(Saved data entries)
:::::

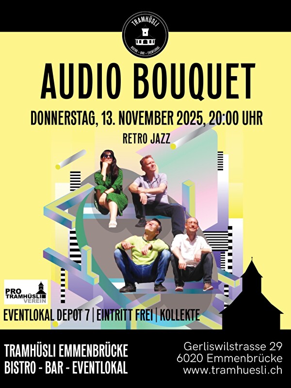 Audiobouquet ist wie ein Blumenstrauss für die Ohren. Wir lassen charmante Stücke aus alten Zeiten in neuer Form aufleben. Neben Klassikern finden sich auch wenig bekannte Perlen aus den 1910er bis 60er Jahren. Einige Stücke sind auf Romanisch gesungen. Neu interpretierter Retro-Jazz im Tramhüsli Depot 7.
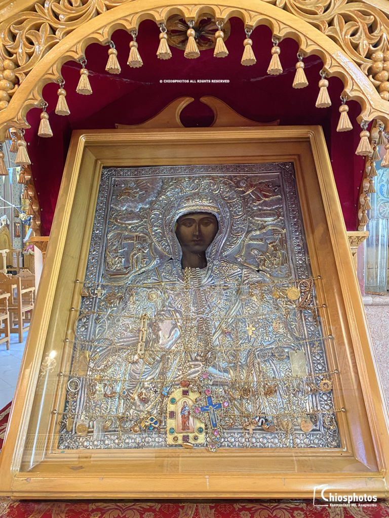 | Εντός του Ναού φυλάσσεται η ιστορική και θαυματουργή εικόνα της Αγίας Παρασκευής, η οποία μεταφέρθηκε στη Χίο από τους πρόσφυγες κατά την Μικρασιατική καταστροφή του 1922. |
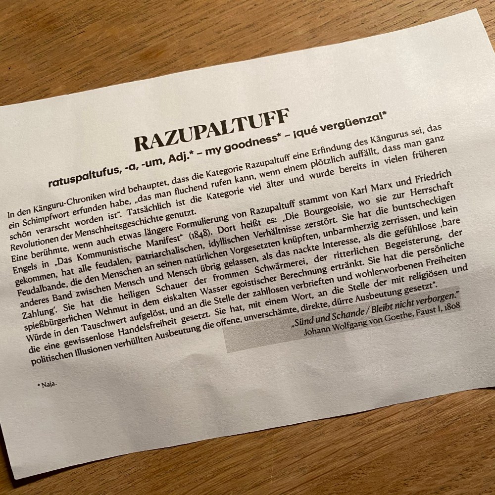 [GJ:] „In meinem Adventskalender war übrigens heute ‚Razupaltuff‘.“
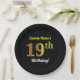 Assiettes En Carton Noir, Faux Or 19e anniversaire + Nom personnalisé
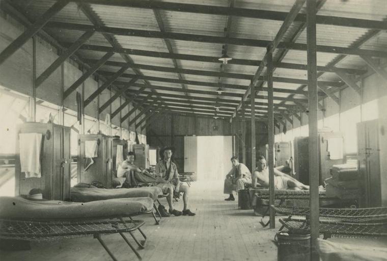 Keywords: StateLibQld 1 244836 Army barracks at Kelvin Grove, Brisbane during WWII.jpg en Army barracks at Kelvin Grove Brisbane during WWII Four unidentified soldiers relaxing in their hut at the Kelvin Grove barracks Photograph shows the camp cots wardrobes and the interior of corrugated iron and timber huts circa 1940 handle 10462/deriv/118340 Item is held by John Oxley Library State Library of Queensland Contributor s Green Photographic Studio PD-Australia StateLibQld-License Building interiors in Queensland Barracks in Australia Wardrobes Military people of Australia Kelvin Grove Queensland World War II home front in Brisbane 1940 in Brisbane Black and white photographs Military life in World War II Gona Barracks |
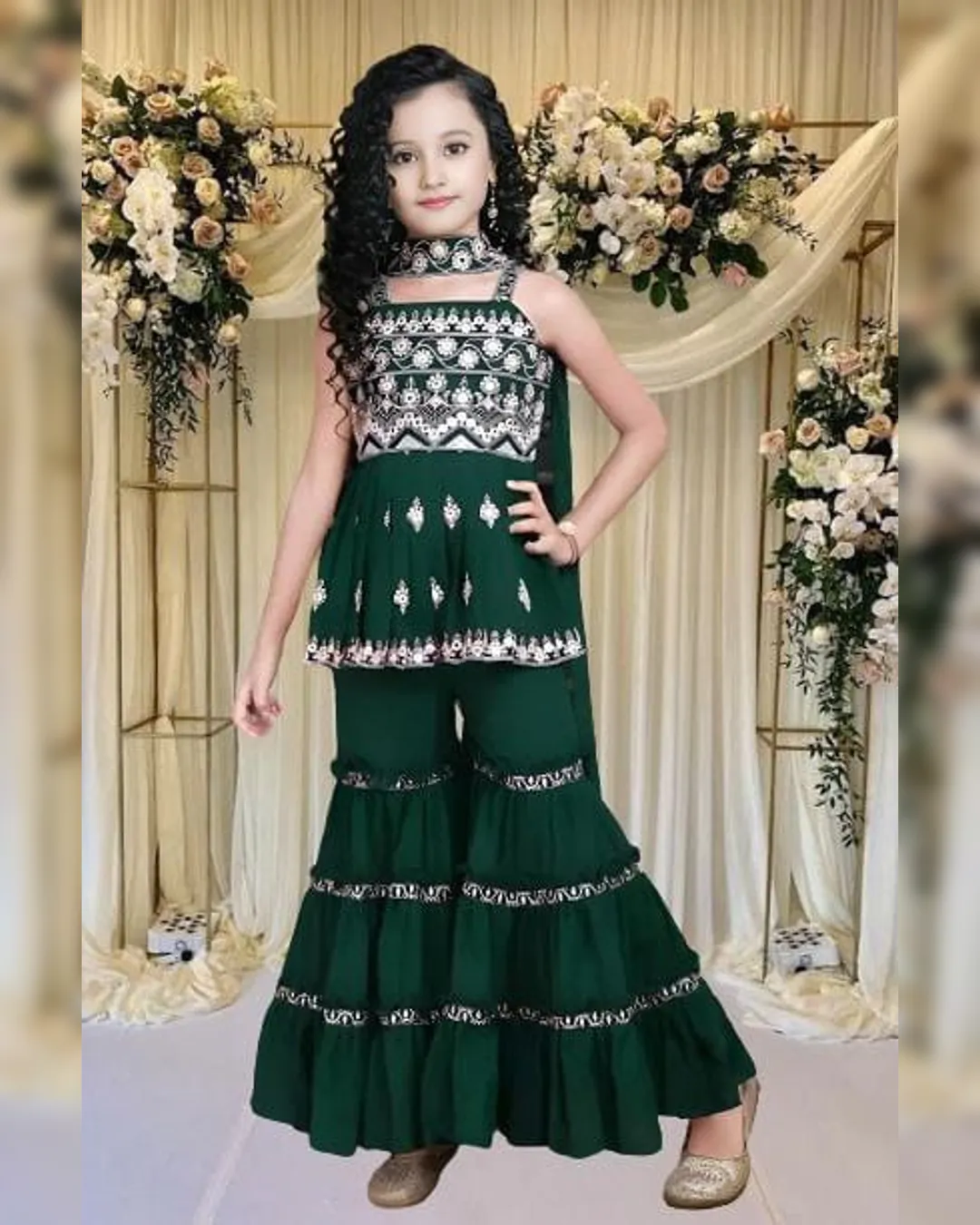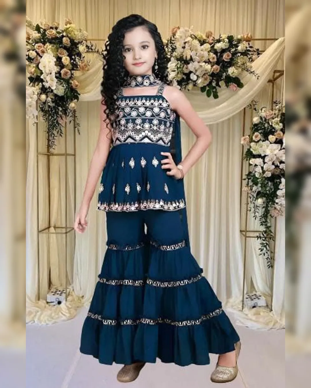 Add a touch of elegance and charm to your little one's festive wardrobe with our girls embroidered kurta sharara set. Designed for comfort and style, this sleeveless outfit is perfect for celebrations, family functions, or festive parties. The set includes a beautifully embroidered poly crepe kurta, matching sharara, and a coordinating dupatta crafted in crepe with embroidery work. Light, breathable, and effortlessly stylish — it’s the perfect festive ensemble for young fashionistas.
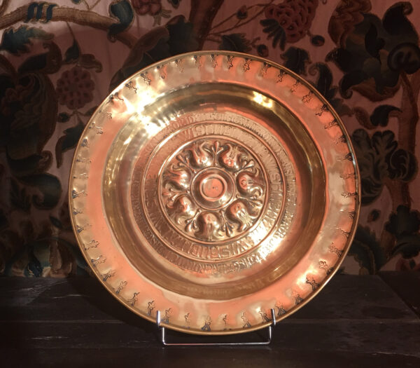 Il présente un dôme central, appelé ombilic et offre un décor au repoussé tout à fait spécifique de ces ateliers. Elaboré selon un schéma traditionnel, son ombilic est orné de godrons, son bassin de belles lettres gothiques allemandes sur deux registres et son marli d’un décor estampé de motifs de fleurons. Enfin, pour des raisons de solidité, le bord de ce plat est replié sur un fil de fer, comme il était d’usage de les fabriquer en Allemagne.
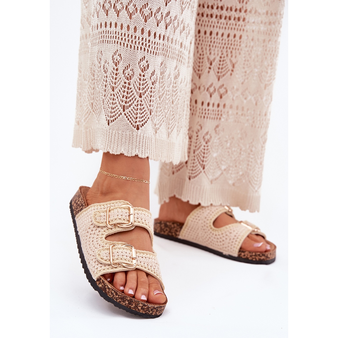 Pojedinosti: Kukičane ženske flip jarke sa zlatnim kopčama bež

:::::

▶ [THE TASK] Extract every line of the data exactly; pictures stay out.

▶ [SOLUTION TO THE PROBLEM]
 Audiobouquet ist wie ein Blumenstrauss für die Ohren. Wir lassen charmante Stücke aus alten Zeiten in neuer Form aufleben. Neben Klassikern finden sich auch wenig bekannte Perlen aus den 1910er bis 60er Jahren. Einige Stücke sind auf Romanisch gesungen. Neu interpretierter Retro-Jazz im Tramhüsli Depot 7.
 | Εντός του Ναού φυλάσσεται η ιστορική και θαυματουργή εικόνα της Αγίας Παρασκευής, η οποία μεταφέρθηκε στη Χίο από τους πρόσφυγες κατά την Μικρασιατική καταστροφή του 1922. |
 [GJ:] „In meinem Adventskalender war übrigens heute ‚Razupaltuff‘.“
 Assiettes En Carton Noir, Faux Or 19e anniversaire + Nom personnalisé
 Keywords: StateLibQld 1 244836 Army barracks at Kelvin Grove, Brisbane during WWII.jpg en Army barracks at Kelvin Grove Brisbane during WWII Four unidentified soldiers relaxing in their hut at the Kelvin Grove barracks Photograph shows the camp cots wardrobes and the interior of corrugated iron and timber huts circa 1940 handle 10462/deriv/118340 Item is held by John Oxley Library State Library of Queensland Contributor s Green Photographic Studio PD-Australia StateLibQld-License Building interiors in Queensland Barracks in Australia Wardrobes Military people of Australia Kelvin Grove Queensland World War II home front in Brisbane 1940 in Brisbane Black and white photographs Military life in World War II Gona Barracks |
 Add a touch of elegance and charm to your little one's festive wardrobe with our girls embroidered kurta sharara set. Designed for comfort and style, this sleeveless outfit is perfect for celebrations, family functions, or festive parties. The set includes a beautifully embroidered poly crepe kurta, matching sharara, and a coordinating dupatta crafted in crepe with embroidery work. Light, breathable, and effortlessly stylish — it’s the perfect festive ensemble for young fashionistas.
 Il présente un dôme central, appelé ombilic et offre un décor au repoussé tout à fait spécifique de ces ateliers. Elaboré selon un schéma traditionnel, son ombilic est orné de godrons, son bassin de belles lettres gothiques allemandes sur deux registres et son marli d’un décor estampé de motifs de fleurons. Enfin, pour des raisons de solidité, le bord de ce plat est replié sur un fil de fer, comme il était d’usage de les fabriquer en Allemagne.
 Pojedinosti: Kukičane ženske flip jarke sa zlatnim kopčama bež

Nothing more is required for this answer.